Sturm theory with applications in geometry and classical mechanics

TL;DR

This paper generalizes classical Sturm theorems to symplectic geometry, linking them to the Maslov index, and applies these results to geometry and celestial mechanics.

Contribution

It extends symplectic Sturm theory from optical Hamiltonians to general Hamiltonians, with applications in geometry and mechanics.

Findings

Generalized Sturm theorems to broader Hamiltonian systems.

Connected Sturm theory with Maslov index properties.
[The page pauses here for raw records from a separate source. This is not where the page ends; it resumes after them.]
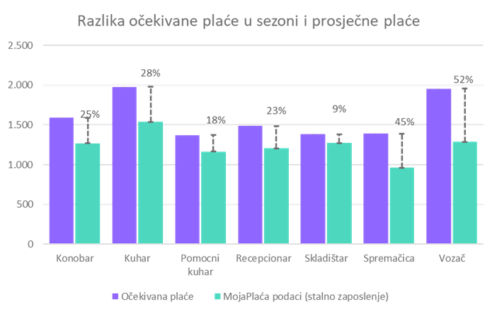 Razlike su posebno vidljive po zanimanjima. Konobari tako za sezonski rad očekuju oko 1.590 eura, što je čak 25% više od njihove prosječne plaće 'izvan sezone', koja je prema podacima servisa MojaPlaća u 2025. iznosila 1.270 eura.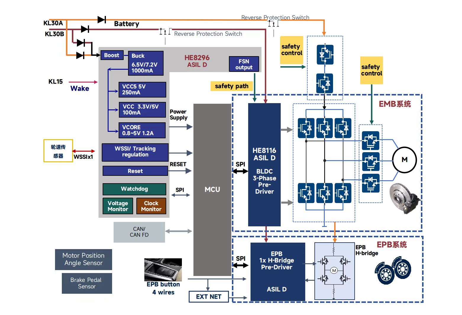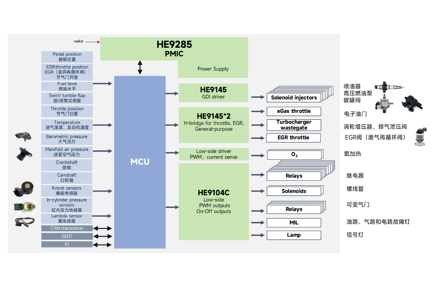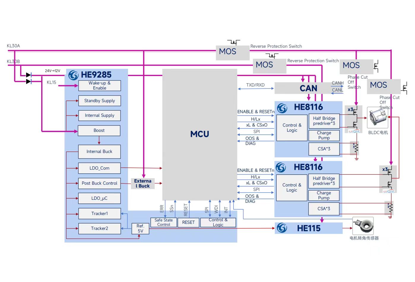 现有产品中,公司已量产或送样兼容12V(乘用车)与24V(商用车)系统的8通道可配置高低边预驱芯片HE9145、高功能安全三相无刷直流电机预驱动芯片HE8116等多款重点产品,提供柴油多缸引擎管理(EMS)、电动助力转向(EPS)、电子制动控制(EMB)等国产化应用方案。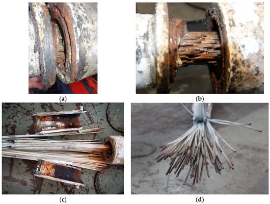 After the rotating restricted short suspenders were unfixed from the Ma’anshan Bridge, corresponding tests were conducted to assess the short suspenders. The short suspenders of NY-29-1, NZ-30-1, NZ-39-1, NZ-94-2, NZ-97-1, and NZ-97-2 were selected to destructively inspect after several kinds of loading test were completed. The typical damage status can be observed as presented in Figure 2.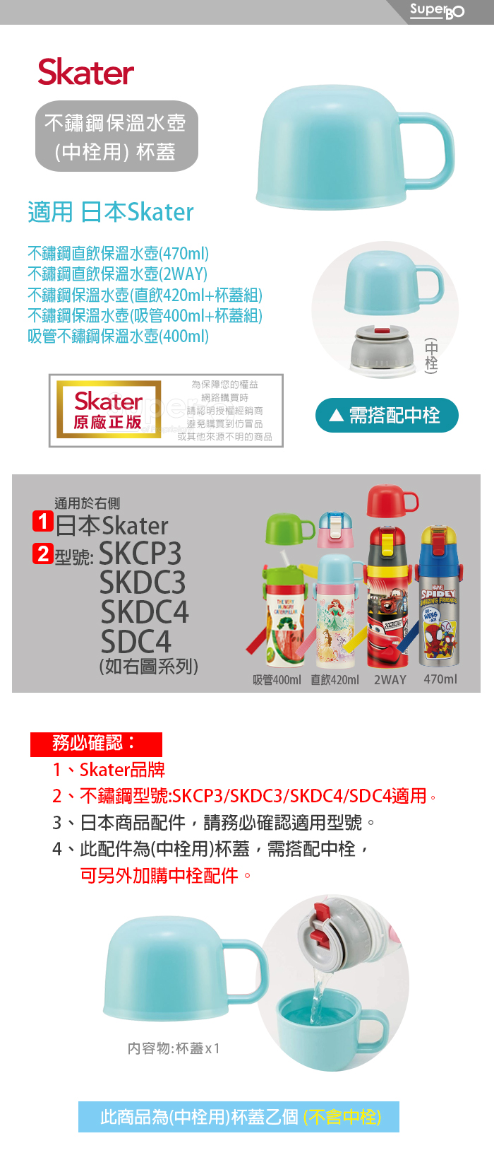 ◆Skater不鏽鋼保溫水壺(中栓)專用上蓋◆需搭配中栓,無法單獨於水壺上使用。◆只適用於型號SDC4、SKDC3,此品不適用於其他水壺,請確認所需。材質:PP 耐溫:120度注意事項:● 請以海綿清洗.勿用鋼刷或硬質物洗滌.以免刮傷。● 此品為原裝進口,若拆封後無法復原,請確認所需後再請購買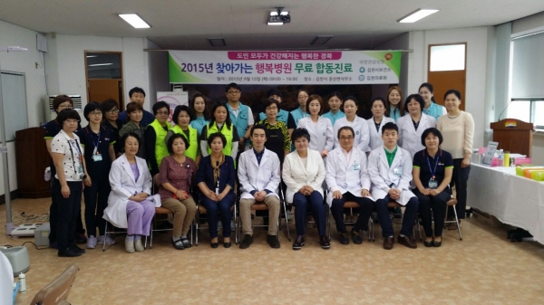 이날 진료는 병원과의 접근성이 떨어지는 산간지역의 독거노인, 거동불편자등 진료를 받기 어려운 환자들을 대상으로 경상북도김천의료원, 국민건강보험공단, 김천시보건소, 김천시중앙보건지소, 김천시종합자원봉사센터에서 40명의 의료진과 봉사자가 참여하여 내과, 안과, 재활의학과, 치과의 진료를 무료로 실시하고 이미용 봉사활동을 진행했다.

Applied results to geometry of conjugate points and celestial mechanics.

Abstract

Classical Sturm non-oscillation and comparison theorems as well as the Sturm theorem on zeros for solutions of second order differential equations have a natural symplectic version, since they describe the rotation of a line in the phase plane of the equation. In the higher dimensional symplectic version of these theorems, lines are replaced by Lagrangian subspaces and intersections with a given line are replaced by non-transversality instants with a distinguished Lagrangian subspace. Thus the symplectic Sturm theorems describe some properties of the Maslov index. Starting from the celebrated paper of Arnol'd on symplectic Sturm theory for optical Hamiltonians, we provide a generalization of his results to general Hamiltonians. We finally apply these results for detecting some geometrical information about the distribution of conjugate and focal points on semi-Riemannian manifolds and for studying the geometrical properties of the solutions space of singular Lagrangian systems arising in Celestial Mechanics.